■ Work request ■
With the pictures omitted, repeat exactly the lines below starting with the line that has "Step into confidence" and going on through the line that has "Features: built-in speaker".

■ Task material ■
- - - - -

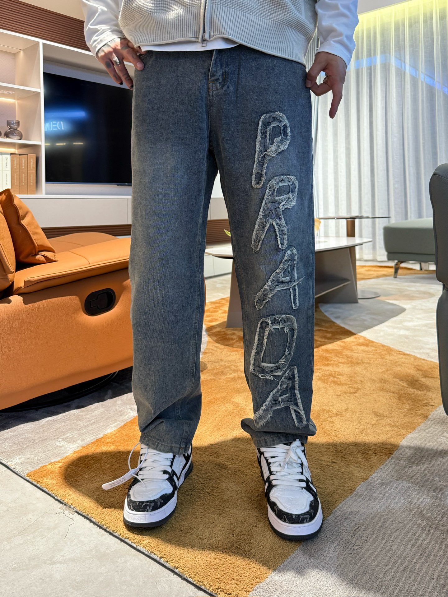 Prada 2025 Fall/Winter new jeans. Classic logo, complete labels. Original hardware. Custom denim, true to boutique. Sizes 30-36.
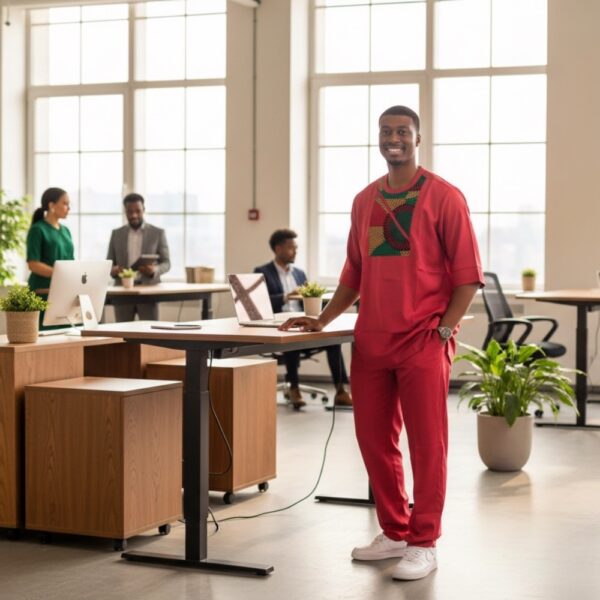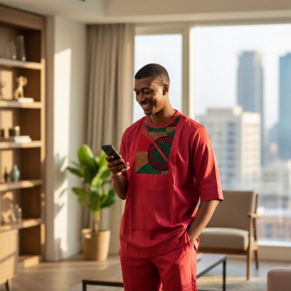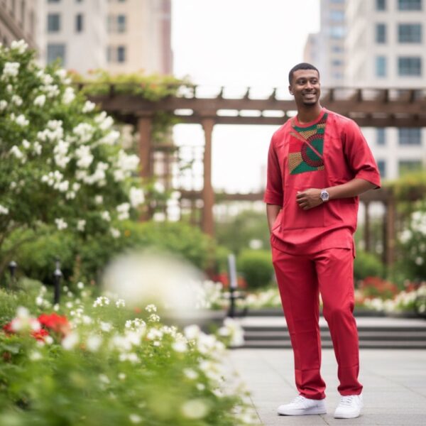 Step into confidence with this one-of-a-kind African Senator Suit, handcrafted in Nigeria using premium fabric and authentic design techniques. This bold crimson set is elevated with a rich Ankara panel detail, blending tradition with modern sophistication.
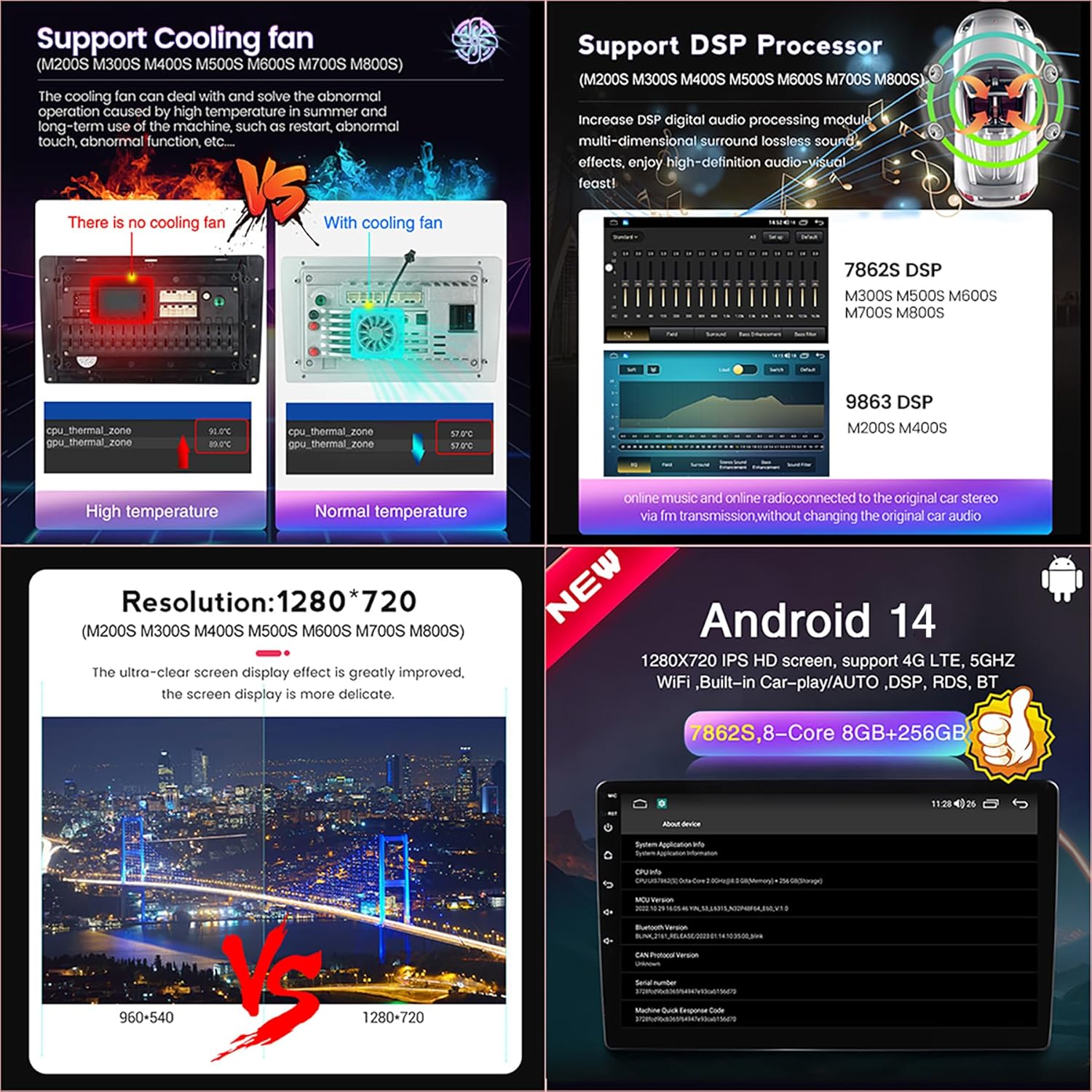 Features: built-in speaker / microphone / WiFi function / steering wheel support / 3G/4G network support (M200S-800S)
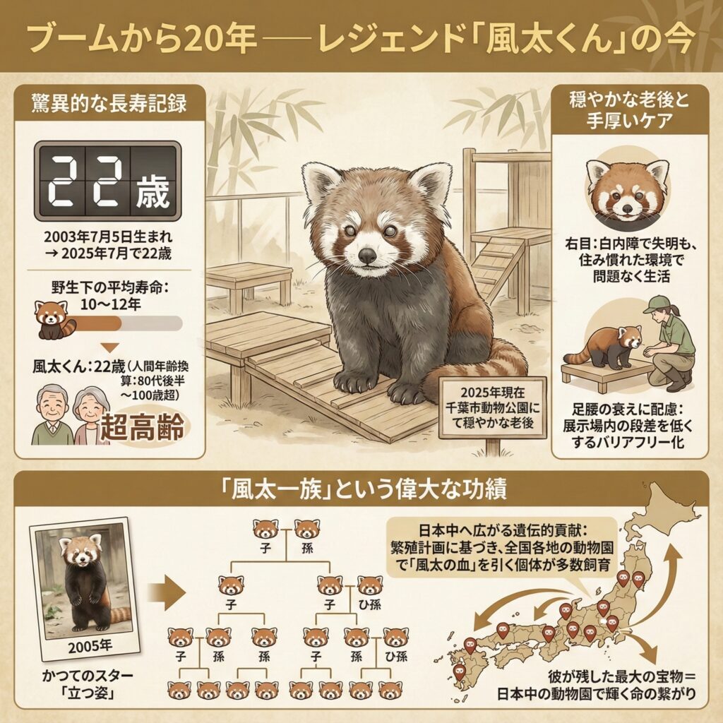 - 風太くんの最大の功績は、その愛らしいポーズだけでなく日本中のレッサーパンダ個体群に残した遺伝的な貢献にある。
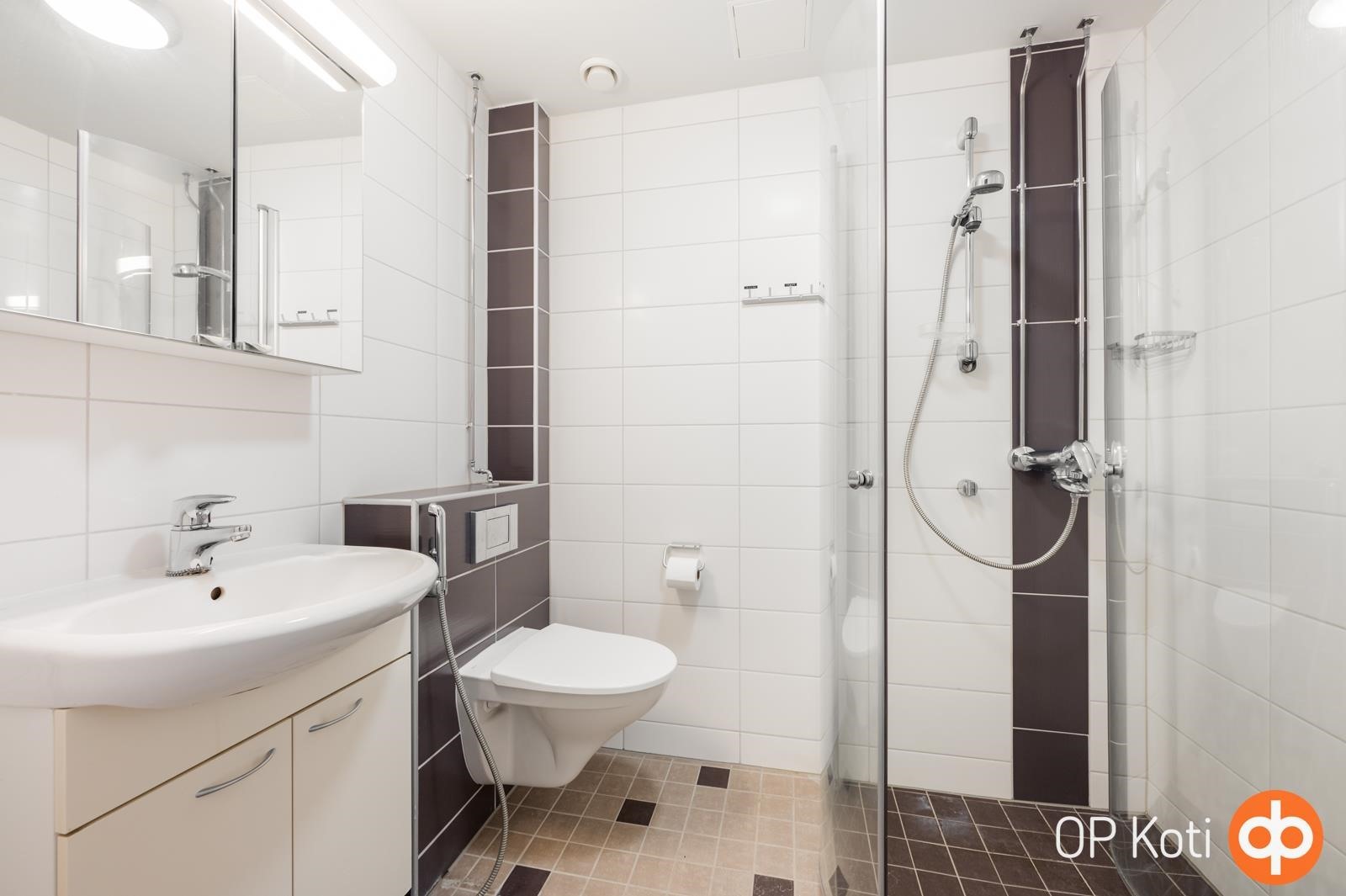 - Kylpyhuone, suihku, suihkukaappi, peilikaappi, allaskaappi, pesukoneliitäntä, kiinteät valaisimet.
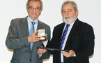 El ex Presidente de Brasil, Luiz Inázio Lula da Silva ha visitado este viernes la sede de Telefónica en Madrid, Distrito C. Lula ha recorrido las instalaciones más representativas del campus de Telefónica acompañado del Presidente de la compañía, César Alierta, el consejero delegado, Julio Linares, y el presidente de Telefónica Latinoamérica, José María Álvarez-Pallete, y ha podido saludar a un grupo de profesionales brasileños destacados en España. El ex presidente de Brasil se interesó por algunos de los proyectos más innovadores que está desarrollando Telefónica en el ámbito de e-Health o el uso de la tecnología NFC en este campus empresarial. En su visita a Distrito C, Lula recibió de manos de César Alierta la Medalla de Oro TISA en reconocimiento a su impulso al desarrollo de las nuevas tecnologías de la comunicación en Brasil.
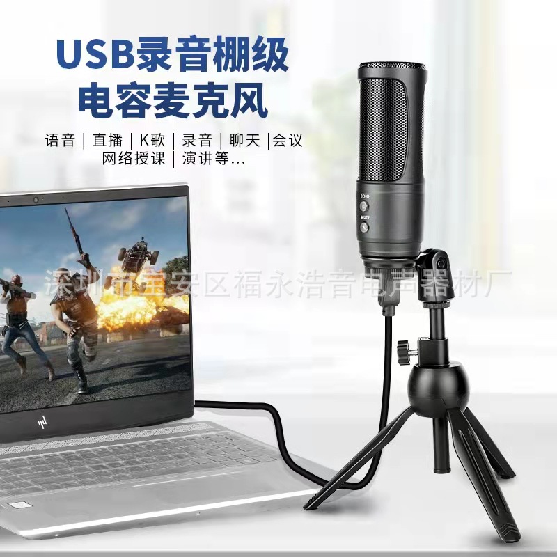 Mikrofon kondesor USB, set braket mikrofon komputer rekaman karaoke komputer suara game desktop
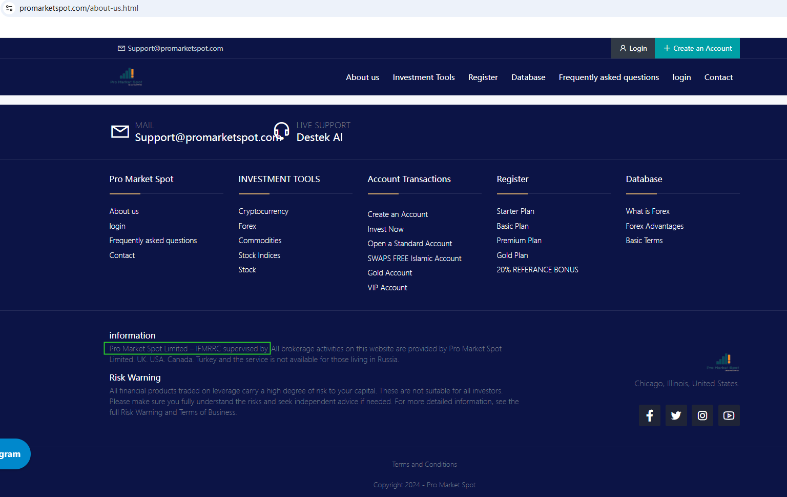 In essence, Pro Market Spot is not regulated by any governing body. Entrusting it with investors' funds is highly risky, as no legal protections are in place to safeguard the funds.
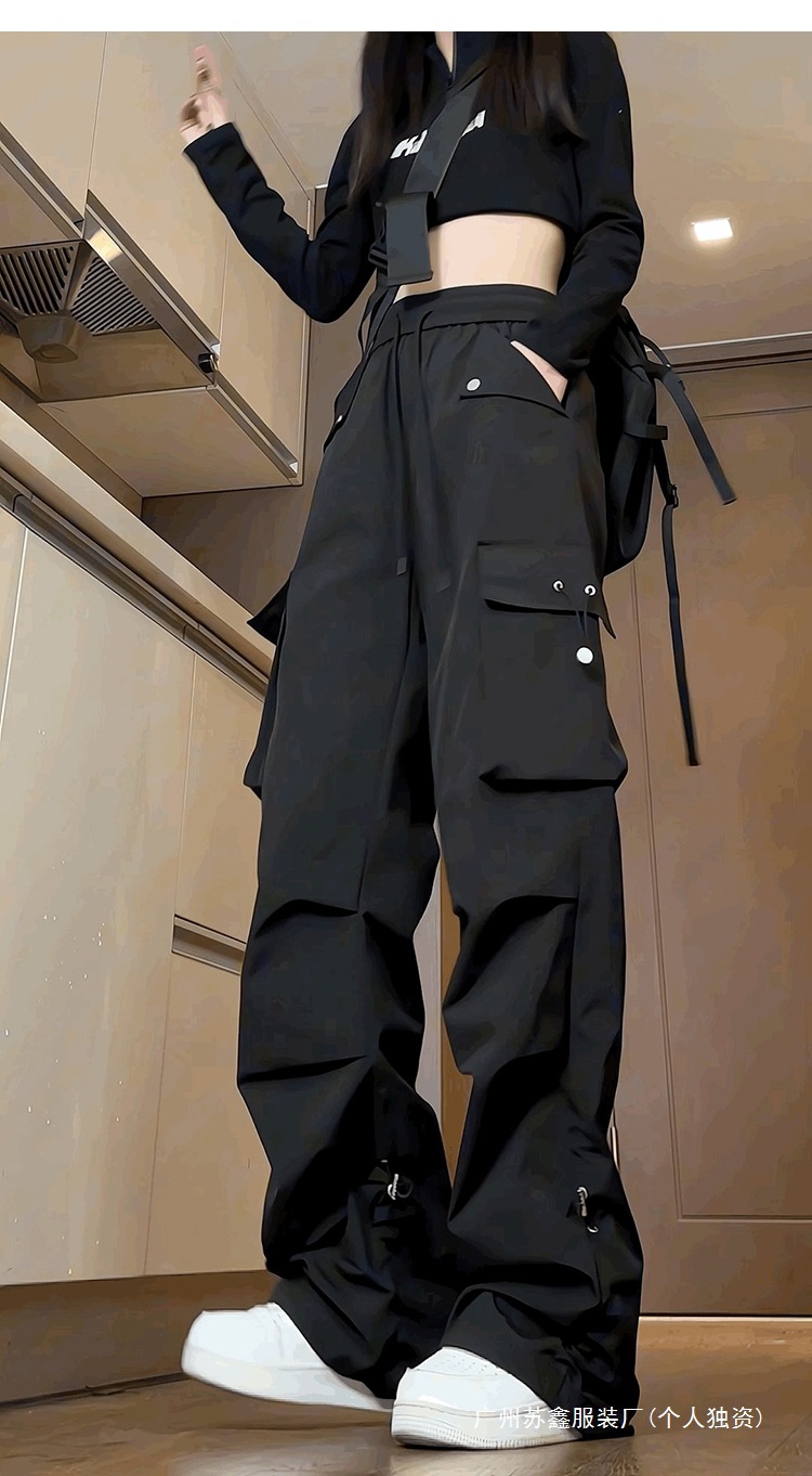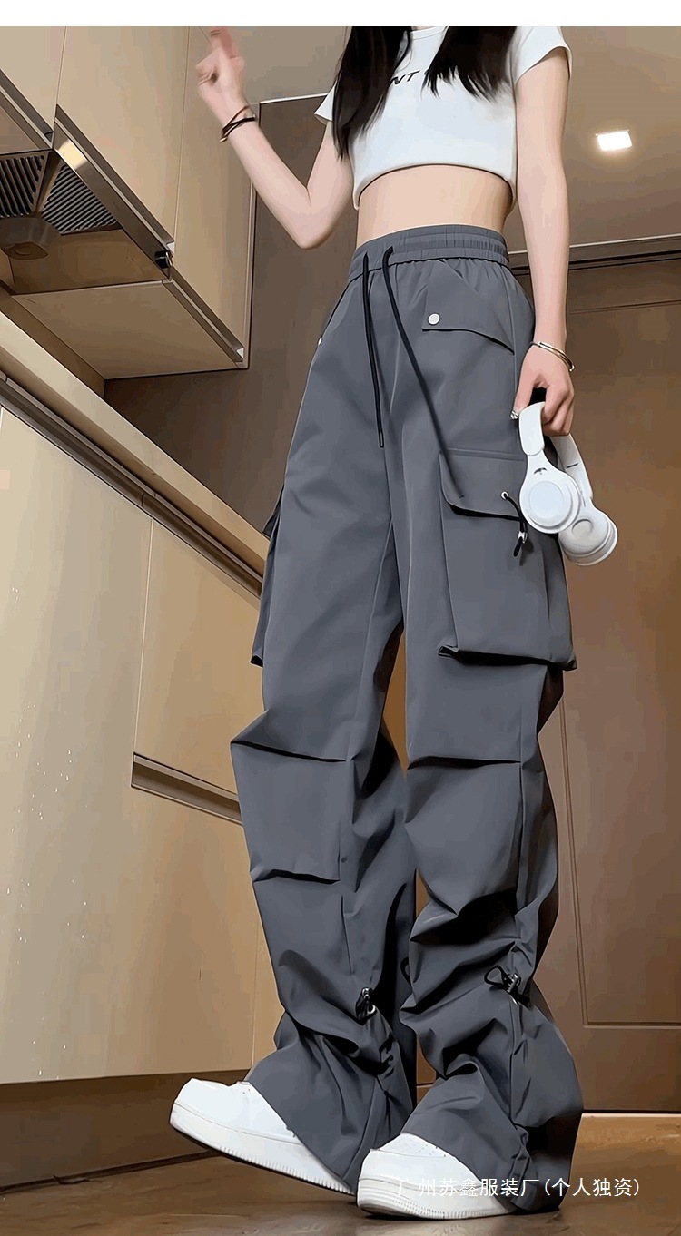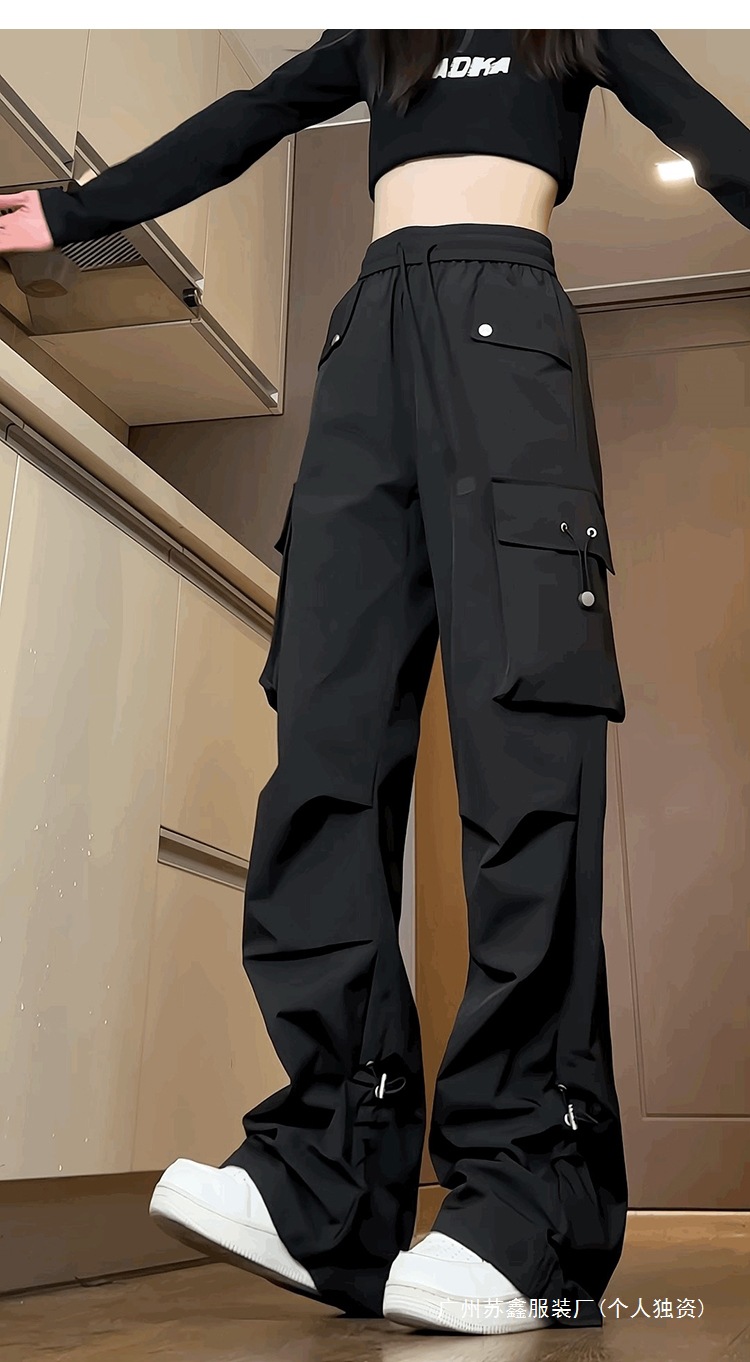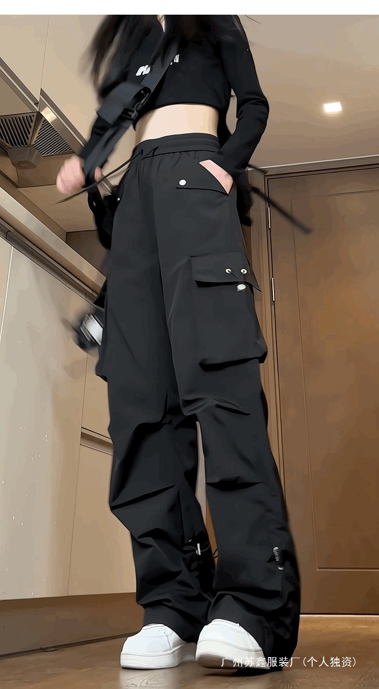 여성용 검은색 작업복 2025 새로운 스타일 작은 얇은 느슨한 방풍 및 방수 등산 여름 대형 충전 바지스토어 가기
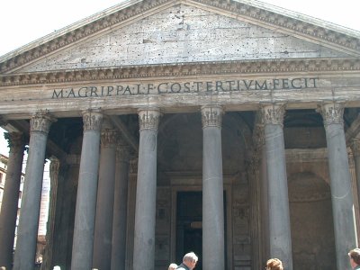 This is the outside of the Pantheon. The inscription translates

- - - - -

■ Result of this task ■
 Step into confidence with this one-of-a-kind African Senator Suit, handcrafted in Nigeria using premium fabric and authentic design techniques. This bold crimson set is elevated with a rich Ankara panel detail, blending tradition with modern sophistication.
 Features: built-in speaker / microphone / WiFi function / steering wheel support / 3G/4G network support (M200S-800S)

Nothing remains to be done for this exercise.